For children with hemophilia older than 6 years of age, the American Academy of Pediatrics (AAP) recommends 60 min of exercise or physical activity per day (16). Children under the age of 6 including those with hemophilia should be encouraged to develop a healthy lifestyle with activity as tolerated. Adults are recommended by the CDC to participate in 150 min of moderate-intensity aerobic exercise as well as additional muscle-strengthening activities every week (17).

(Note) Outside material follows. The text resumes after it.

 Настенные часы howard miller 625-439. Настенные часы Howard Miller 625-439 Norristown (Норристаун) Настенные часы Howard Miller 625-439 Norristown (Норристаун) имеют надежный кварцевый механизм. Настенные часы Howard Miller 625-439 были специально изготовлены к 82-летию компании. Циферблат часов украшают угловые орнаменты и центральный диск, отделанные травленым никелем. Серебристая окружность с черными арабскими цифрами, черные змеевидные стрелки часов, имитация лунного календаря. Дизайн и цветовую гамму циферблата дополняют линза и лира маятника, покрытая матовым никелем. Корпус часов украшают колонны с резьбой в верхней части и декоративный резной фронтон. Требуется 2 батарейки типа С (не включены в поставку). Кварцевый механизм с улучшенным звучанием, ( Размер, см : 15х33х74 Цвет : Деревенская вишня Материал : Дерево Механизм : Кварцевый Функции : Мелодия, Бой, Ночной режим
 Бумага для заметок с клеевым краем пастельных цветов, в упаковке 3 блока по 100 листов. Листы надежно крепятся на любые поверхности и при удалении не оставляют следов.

A wide range of sports and athletic activities may be enjoyed by hemophilia patients without an increased risk of injury. The most commonly recommended activity in the reviewed literature was swimming. Walking and running were next most frequently recommended. Other recommended activities included are listed in Table 2. Research suggests that more intense or strenuous participation as well as higher-impact activities are not associated with an increased risk of injury. This information should be considered when counseling a patient on participation.

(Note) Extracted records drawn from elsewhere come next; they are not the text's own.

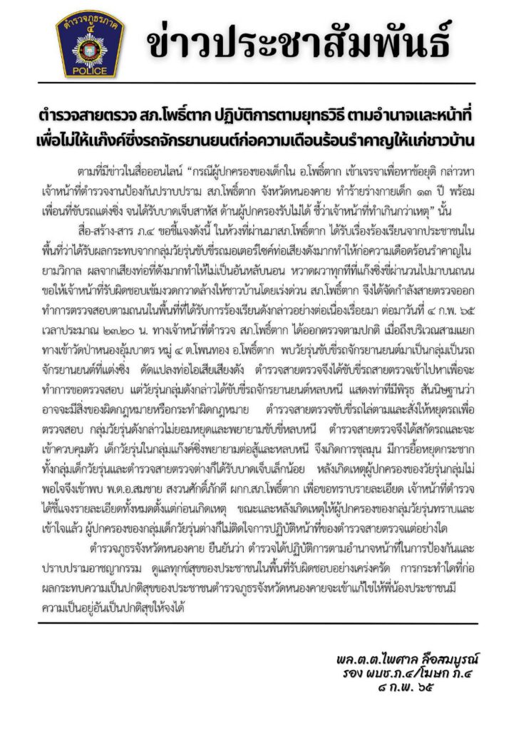 วันที่ 8 ก.พ.65 : ตามที่มีข่าวในสื่อออนไลน์ “กรณีผู้ปกครองของเด็กใน อ.โพธิ์ตาก เข้าเจรจาเพื่อหาข้อยุติ กล่าวหา เจ้าหน้าที่ตำรวจงานป้องกันปราบปราม สภ.โพธิ์ตาก จังหวัดหนองคาย ทำร้ายร่างกายเด็ก 13 ปี พร้อมเพื่อนที่ขับรถแต่งซิ่ง จนได้รับบาดเจ็บสาหัส ด้านผู้ปกครองรับไม่ได้ ชี้ว่าเจ้าหน้าที่ทำเกินกว่าเหตุ” นั้น
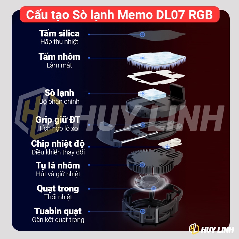 Điện Thoại & Phụ Kiện > Phụ kiện > Quạt USB & Quạt điện thoại || Memo DL07 Led RGB - Sò lạnh kiêm quạt tản nhiệt cực mát thế hệ mớiCòn hàng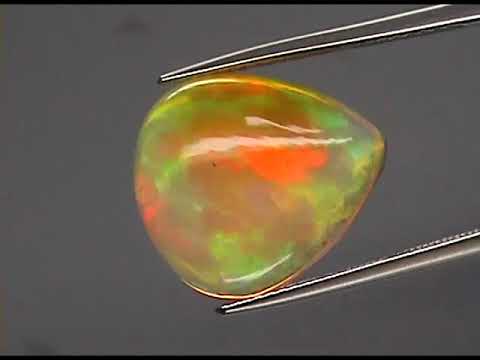 Holy flashing Batman! This opal is non-stop! Whether bright light, low light, or almost no light (no joke), this opal doesn't care. It was put here to give you a non-stop color display, and nothing is going to stop its shine. Just imagine that the video is a song with the sound turned down, because the color of this opal goes to eleven. The full cover play of color radiates from the gem, and forget about arms length, you can easily see this piece from across the room. It has semi-black jelly opal body, and it explodes in a rolling floral pattern accented by block floral patterns and a touch of chaff pattern, flashing in electric shades of green, red. orange and gold. It has substantial size, measuring 16.4mm x 14.5mm x 6.9mm, and its whole display is captured under a glistening liquid luster. Sourced from Welo, Ethiopia. Untreated!

It is our recommendation that patients with hemophilia be assessed by their hematologist prior to beginning athletic activity and the different options and necessary precautions reviewed. A review of the patient’s fitness status is also recommended prior to the initiation of activity to ensure the patient may participate safely. There are several tools available to help hematologists determine an appropriate activity. One method includes using the “five-item fitness checklist” created by Seuser et al.  (10). This checklist assesses a patient’s balance and coordination, torso strength, aerobic endurance, flexibility, and body fat content. However, the time and equipment required to do this evaluation may be longer than available in a typical appointment. In this case, it is reasonable to inquire about which activities the patient is interested and then spend time counseling regarding safe participation in this sport. This includes discussion of safety precautions, adequate preparation, and appropriate surveillance relating to the chosen activity. Children will likely require more surveillance by caregivers knowledgeable of the patient’s medical status. The “think once, think twice” method may also be utilized to explore patient interest and facilitate a discussion of a proposed activity. If receiving adequate prophylaxis and adequately prepared, it is our belief that a wide range of athletic activities can be enjoyed, including those sports more typically thought of as associated with injury. It is important that individuals be able to participate in an activity that they are interested in and appeals to their peer group, especially in children.
However, there are still some activities which are considered to be too dangerous. The NHF’s recommendations include restricting some of the most dangerous activities, including BMX racing, motor-cross cycling, rodeo participation, wrestling and boxing. In children and perhaps more novice athletes, the activities noted by the NHF to be safe or of moderate risk are recommended. Moderate-to-dangerous activities may also be acceptable depending on the individual in question, and ensuring proper prophylaxis, adequate surveillance, and immediate access to care. This is to be determined by the patient, the patient’s parents in case of children and adolescents, and the supervising hematologist. A list of the activities recommended by the NHF is listed in Table 2. The sports most recommended by these guidelines include swimming, golf, yoga, hiking, sailing, rowing, canoeing, kayaking, bicycling, tai chi, archery, and table tennis. It is possible for hemophilia patients to participate in a wide range of athletic activities providing them with the innumerate benefits of a healthy lifestyle and social involvement.
Conflicts of Interest: The authors have no conflicts of interest to declare.